Dodsworth in London. By Tim Egan. Sandpiper. $4.99.

Gigi in the Big City. By Charise Mericle Harper. Robin Corey Books. $12.99.

     As we move smartly (hopefully smartly) into gift-giving season, publishers are offering some books that, in big ways or small, are more than just stories to read. Dancing Dreams is one of the best lenticular-animation books yet from Accord Publishing, which offers works containing apparent motion on a regular basis. Modern lenticular animation uses a vertical plastic grid to make it seem that still pictures are moving when the position of a page is changed. Usually the animated elements are add-ons to the story, but in Dancing Dreams they are the story – and are particularly well done.
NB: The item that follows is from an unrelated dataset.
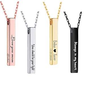 Clothing, Jewelry, Necklaces, Women's FashionHybedora Personalized Bar Necklace, Engraved 4 Sided Vertical Custom Names Necklace with Any Message Jewelry Gift for Men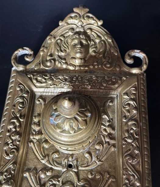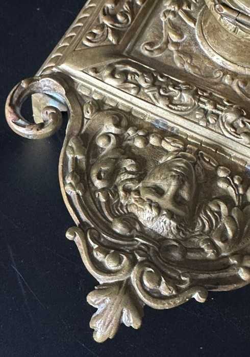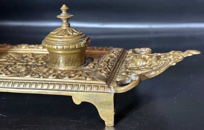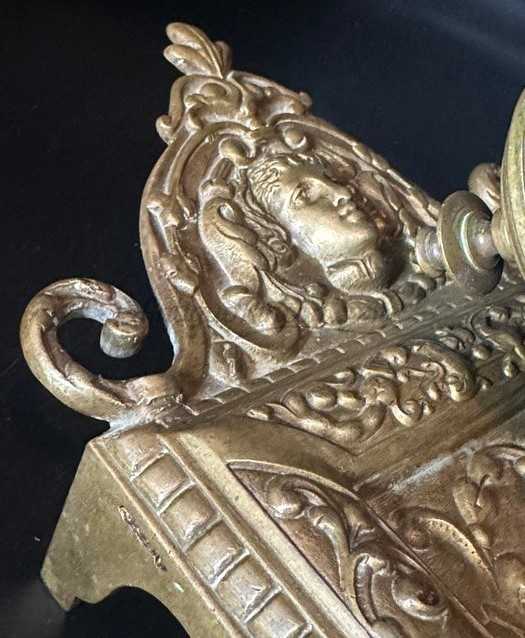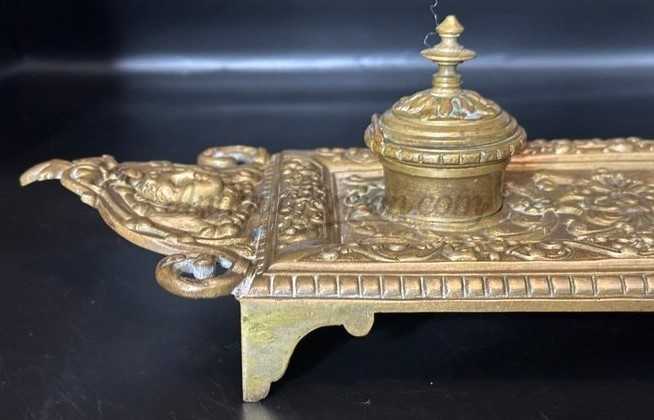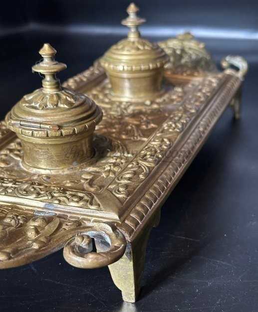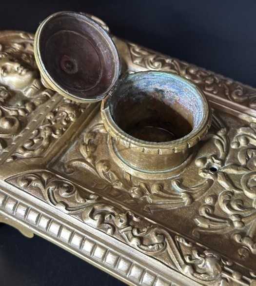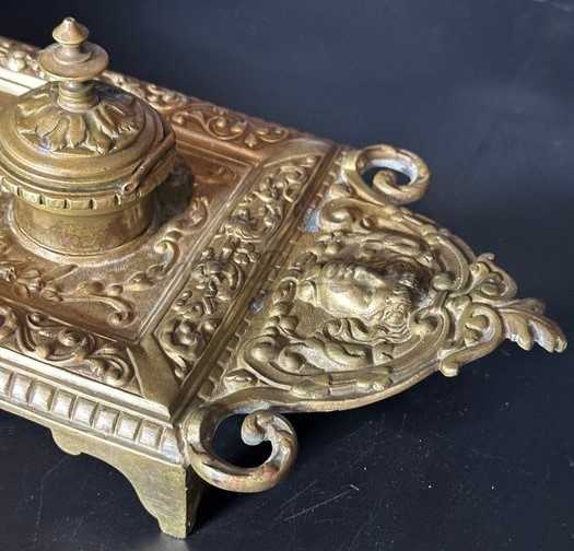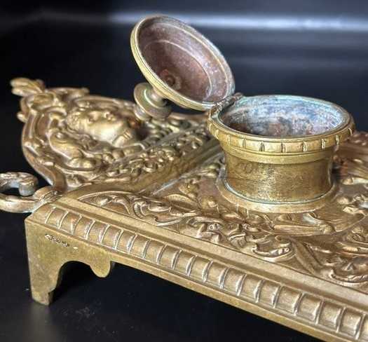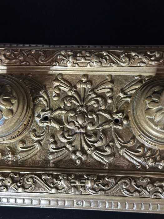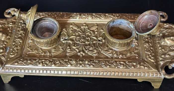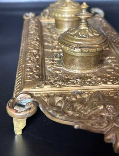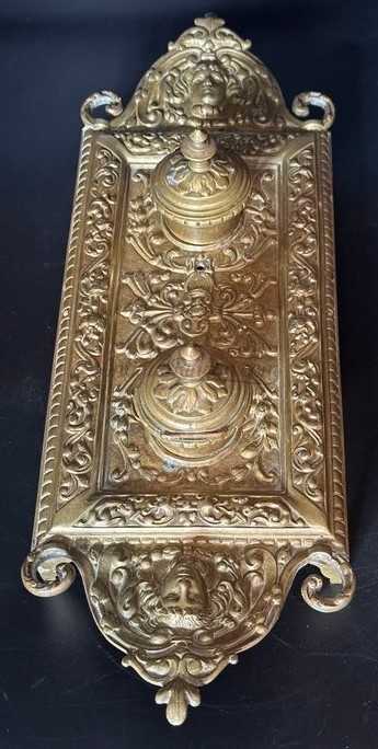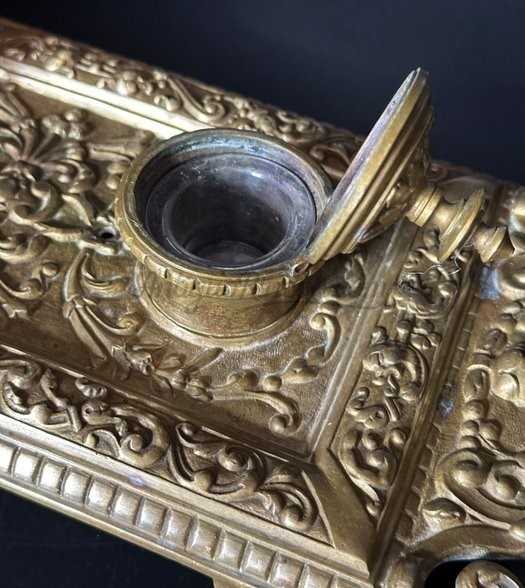Modelo con decoraciones ricas de motivos florales, volutas, follaje estilizado en relieve. Dos retornos con grotescos de estilo Renacimiento. La orla acanalada está adornada con grifos y todo ello rematado por dos encriers que se abren en pequeños cuencos de cristal intactos, con tapas decoradas con una lira y hojas de acanto.

The book is about a little girl named Gracie who loves to dance and dreams of all the things she might do as a dancer when she gets older. When she dreams of being a ballerina, we see an adult and very graceful ballet dancer doing a spin. When she dreams of being in a chorus line, three top-hatted dancers kick up their heels. When she dreams of being a country dancer, the animation shows a woman in cowgirl costume spinning with a partner. And so on, for hula, tap and flamenco dancing, and even cheerleading. The scenes with Gracie herself are part of the fun of the book: in one, she twirls with a penguin, and in several, her much-bandaged legs show that for all her dreaming of poise and elegance in the future, right now she is an active little girl. At the end, a picture of Gracie on stage with her ballet class shows that she is on her way in whatever dancing direction she may choose to take – a lovely message to end a book about dreams and daydreams.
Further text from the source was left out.